Partitions and scale out

Azure Cosmos DB for NoSQL uses partitioning to ensure low-latency across large indices. Internally, it utilizes a single DiskANN instance per physical partition, which allows for faster indexing as each physical partition can use its own RU (Request Unit) allotment to independently index vectors. The number of physical partitions in a container depends on the following characteristics:

The total amount of throughput (RU/s) provisioned on the container. Each physical partition can provide throughput up to 10,000 RU/s.
The total amount of data (documents + index) stored in the container.

Azure Cosmos DB for NoSQL has logical partitions that are defined by partition keys. Many logical partitions are mapped to a single physical partition, which are units of data management.

Configuring the container with a throughput of N x 10,000 RU/s, it creates N physical partitions. For example, if you create a collection with 50 x 10,000 RU/s = 500,000 RU/s, it will create 50 physical partitions. This setup can significantly increase indexing speeds because it distributes the work for indexing across all physical partitions.

Partition Key

When you choose a partition key, ensure it has high cardinality, meaning it offers a wide range of distinct values to evenly distribute data and RU usage across partitions, and create many logical partitions. For large-scale datasets, consider using hierarchical partition keys to create multi-level partitioning. You need to thoughtfully design hierarchical partition keys to ensure the first level maintains high cardinality, maximizing scalability and performance.

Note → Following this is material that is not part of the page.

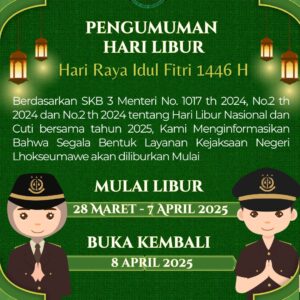 Berdasarkan SKB 3 Menteri No. 1017 th 2024, No.2 th 2024 dan No.2 th 2024 tentang Hari Libur Nasional dan Cuti bersama tahun 2025, Kami Menginformasikan Bahwa Segala Bentuk Layanan Kejaksaan Negeri Lhokseumawe akan diliburkan Mulai :

You can learn more about partitioning in Azure Cosmos DB from our official documentation.

In the experiments here, we use the vector ID as the partition key. This ensures a uniform distribution of data across partitions, which helps avoid hotspots and maintain efficiency.

Optimizations for large scale vector workloads

Let’s see how to batch documents to increase indexing throughput and reduce cross-partition query latency by increasing concurrency of the SDK.

Faster Ingestion

The Azure Cosmos DB API allows us to insert multiple documents with vectors in one transaction. This helps lower the number of round trips between your client SDK and the Azure Cosmos DB servers. This also allows the vector indexer to parallelize the indexing of all vectors in the batch. This feature can enabled by specifying the AllowBulkExecution option in the Azure Cosmos DB for NoSQL .NET, Java, and JavaScript SDKs. The Python SDK supports transactional batch, but doesn’t support bulk execution at this time. However, you can use the async client for concurrent requests. The batches that the SDK creates to optimize throughput have a current maximum of 100 operations per batch.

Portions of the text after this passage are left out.